These terms can be used to compute $S_n$, $U_{1n}$, $U_{2n}$ and $V_{n}$ in "closed form". The variances of these terms can be computed using the sample variance across the $5,000$ Monte Carlo replications. **Table 4** in the paper (in Appendix C) examiness the properties of these "score" components in detail; verifying the rate-of-convergence calculations in the paper.

The bias term of $S_{n}$ is as given in the paper in equation (27). However the first term in this equation is zero for the design considered here because $\lambda \left(w,x\right)$ takes an exponential form (which is consistent with the limiting form of the logit function).

The next block of code executes the Monte Carlo simulations.

The output from this code block reproduces the analytic bias numbers in **Column 6 of Table 4** in the paper (respectively 2.101 and 1.081). Only the results from Designs 3 ($N=256$) and 5 ($N=1024$) below are report in the paper.

In [15]:
# N,M = 32, 72, 128, 288, 512, 1152, 2048 sqrt(n) = 8, 12, 16, 24, 32, 48, 64
# (simulated sample sizes and relative magnitudes in "rate-of-convergence" terms")

designs = [32, 72, 128, 288, 512]
NumDesigns = len(designs)

 # Number of Monte Carlo simulations
S = 5000               

#----------------------------------------------------#
#- CORE FEATURES OF MONTE CARLO DESIGNS             -#
#----------------------------------------------------#
    
n0 = 64                 # Initial sample size used to calibrate intercept, alpha

mu    = -1/12           # Mean and variance of consumer and product effects
sigma =  1/np.sqrt(6)   # Variance of ln(A_i) + ln(B_j) = 2sigma^2

pi_w  = (1/3)**(1/2)    # Covariate distribution parameters
pi_x  = (1/3)**(1/2)    # One third transaction opportunities are W_i=X_j=1 cases.

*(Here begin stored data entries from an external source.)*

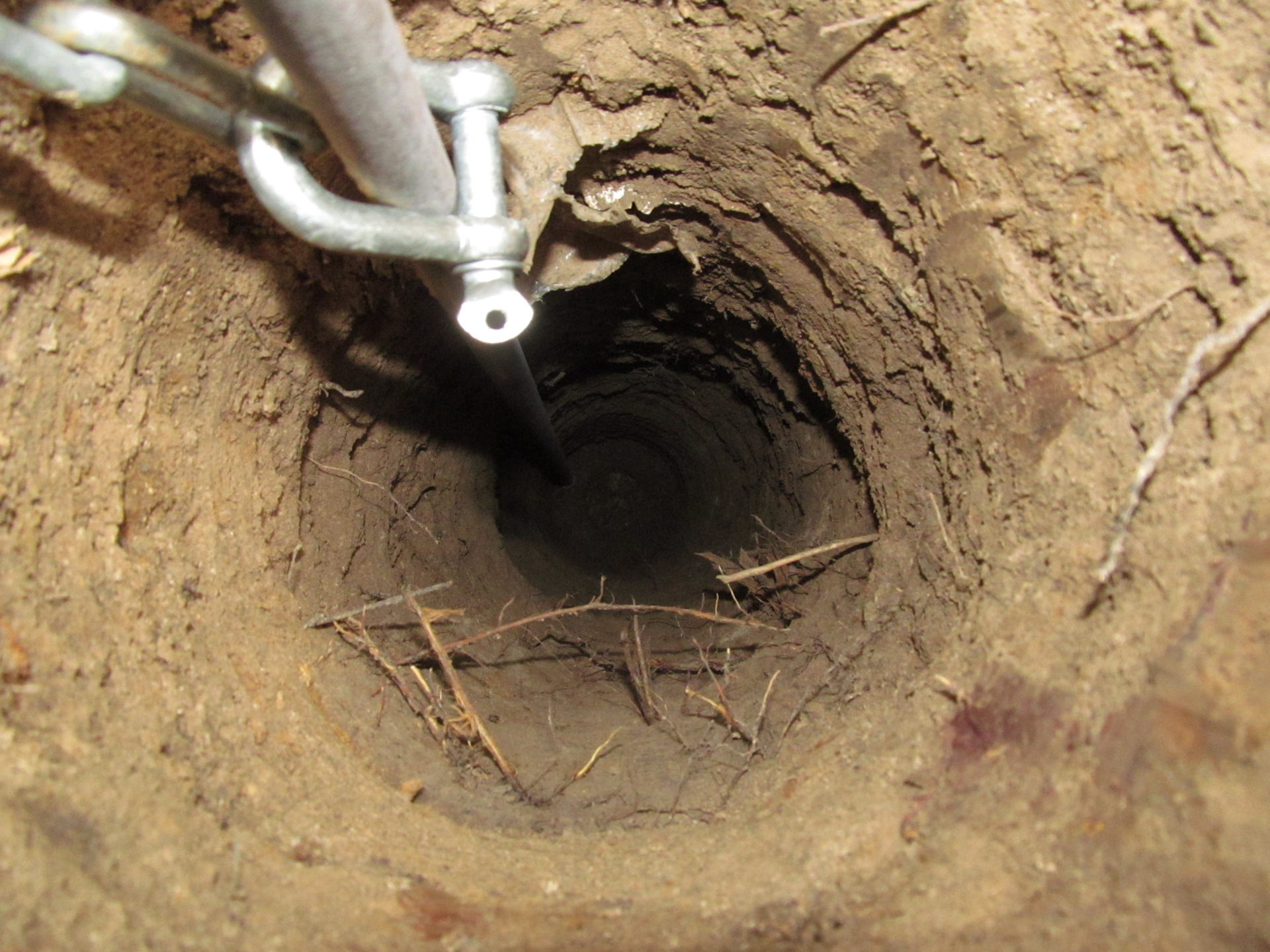 3 разных трубы 1,5 м, 3м и 5 м 25 мм, при помощи кувалды забивались вдвоем по 15-20 см, с периодическим вытаскиванием и очисткой от грунта, который оказывался в трубе. Итогом оказалось отверстие в земле на глубину 4,8м. Вставил в это отверстие 4*1,5 м штыря из нержавейки, перфоратором забил остаток. вдвоем потрачено 2 часа.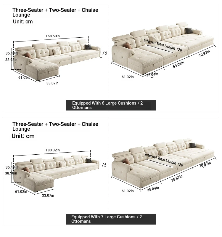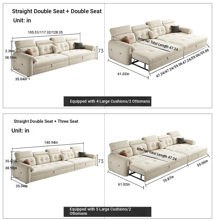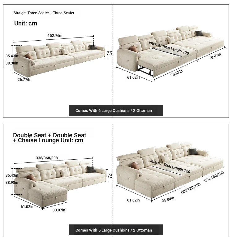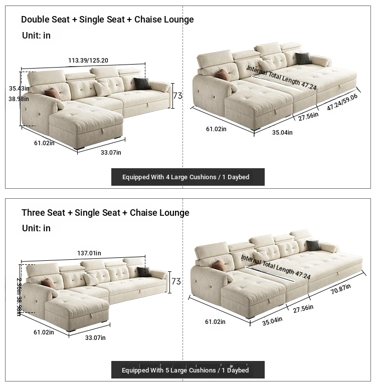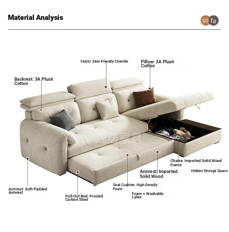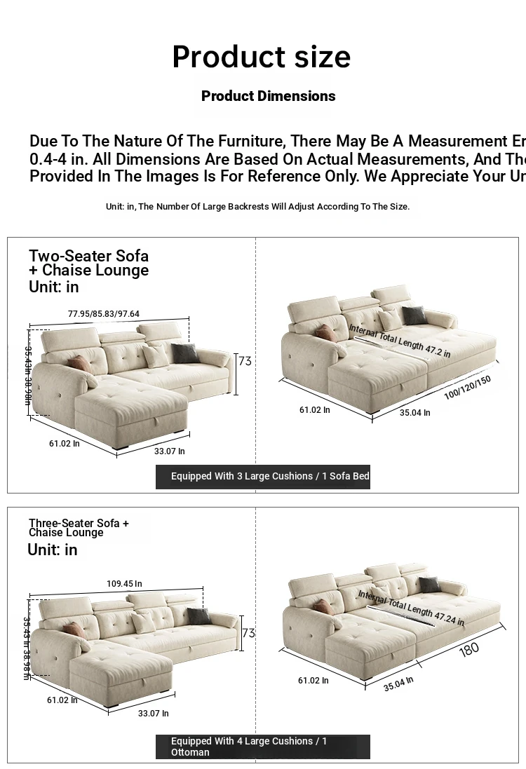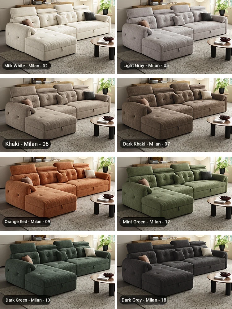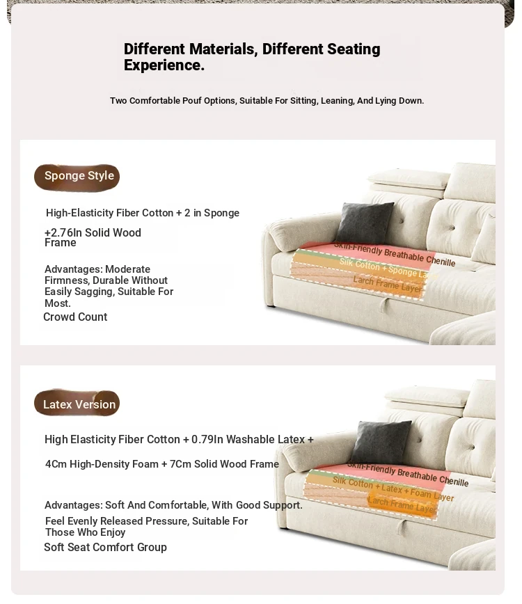 2025 New Creamy Style Luxurious Chenille Fabric Sofa - Versatile Chaise Lounge Bed with Storage for Living Room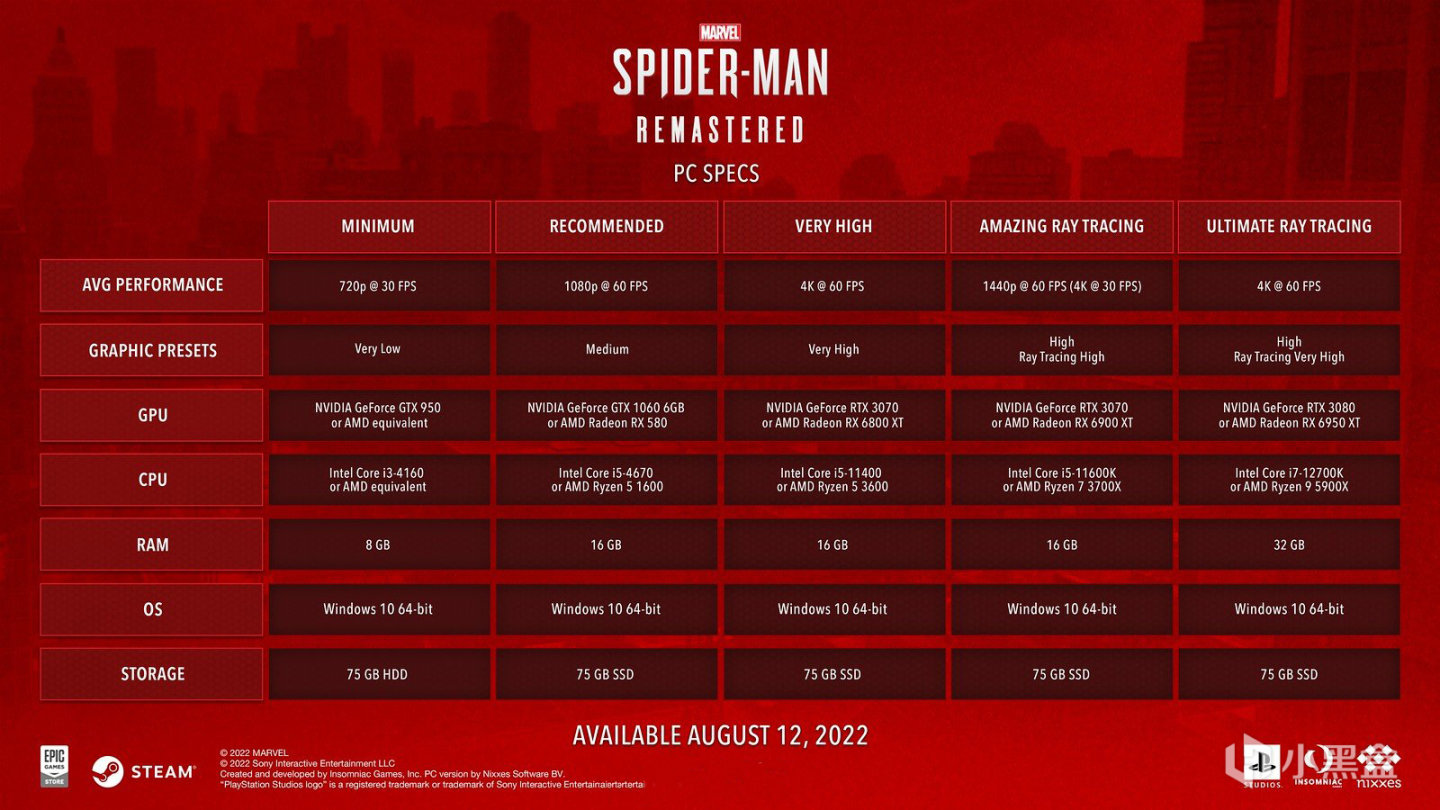 4K60帧终极光追配置:RTX 3080/i7-12700K/32G内存/75GB SSD硬盘空间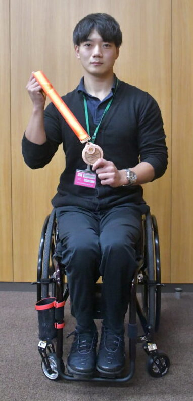 佐々木は本学在学中ラグビー部に所属していたが、2年生のときに大けがをし、下半身不随に。車いすラグビーへの転向を考えたが、四肢などより重度な障がい者でないと参加できず断念。4年生のころにリハビリで指導を受けた人から、車いす陸上の大会への出場を勧められたことが競技との出合いだった。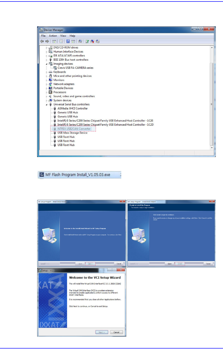 4-10 User's Guide For Tape Fe eder Calibration Jig 19. Check whether the [NTREX USB2CAN Conv erter] is recognized properly to the ’Universal Serial B us controllers’ in the Device Manager . 20. Run the Feeder Firmwa…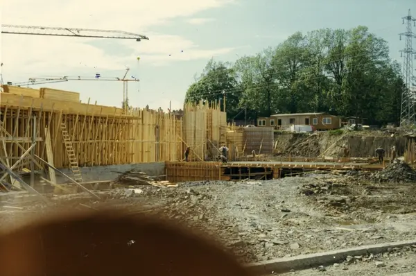 Byggeplass. Konstruksjon av Tiedemanns Tobaksfabrik på Hovin i 1967.

# Initialize matrices for storage of Monte Carlo results
theta_hat = np.zeros((S,NumDesigns))
coverage  = np.zeros((S,NumDesigns*4))
se_hat    = np.zeros((S,NumDesigns*4))

# Matrices to store the components of "score" vector
S_n       = np.zeros((S,NumDesigns*4))
U1_n      = np.zeros((S,NumDesigns*4))
U2_n      = np.zeros((S,NumDesigns*4))
V_n       = np.zeros((S,NumDesigns*4))


#----------------------------------------------------#
#- BEGIN MONTE CARLO SIMULATIONS.                   -#
#----------------------------------------------------#

for b in range(0,NumDesigns ):
    
    # Set random seed and start bth Monte Carlo experiments
    # (same seed is used for each design)
    np.random.seed(seed=361)
    
    print("Monte Carlo design " + '%.0f' % (b+1) + " of " + '%.0f' % NumDesigns )

    #----------------------------------------------------#
    #- DEFINE DATA GENERATING PROCESS FOR MONTE CARLO   -#
    #- MISPECIFIED CASE: "EXOBIT"                       -#
    #----------------------------------------------------#

    N = designs[b]                 # Number of consumers
    M = designs[b]                 # Number of products
    n = N + M                      # Standard error should decrease at rate 1/sqrt(n)
    
    # Parameters indexing regression function
    theta = np.array([0, 0, np.log(4), np.log(n0*0.04)])

    # Marginal purchase probability for current design, rho_n
    rho0_n   = (1 - pi_w) * (1 - pi_x) * (1/n)*np.exp(theta[3])+ \
               (1 - pi_w) * pi_x       * (1/n)*np.exp(theta[1] + theta[3]) + \
                     pi_w * (1 - pi_x) * (1/n)*np.exp(theta[0] + theta[3]) + \
                     pi_w * pi_x       * (1/n)*np.exp(theta[0] + theta[1] + theta[2] + theta[3]) 

    print('Number of consumers and products, n = N + M : ' + '%.0f' % n)
    print('Marginal purchase probability               : ' + '%.3f' % rho0_n)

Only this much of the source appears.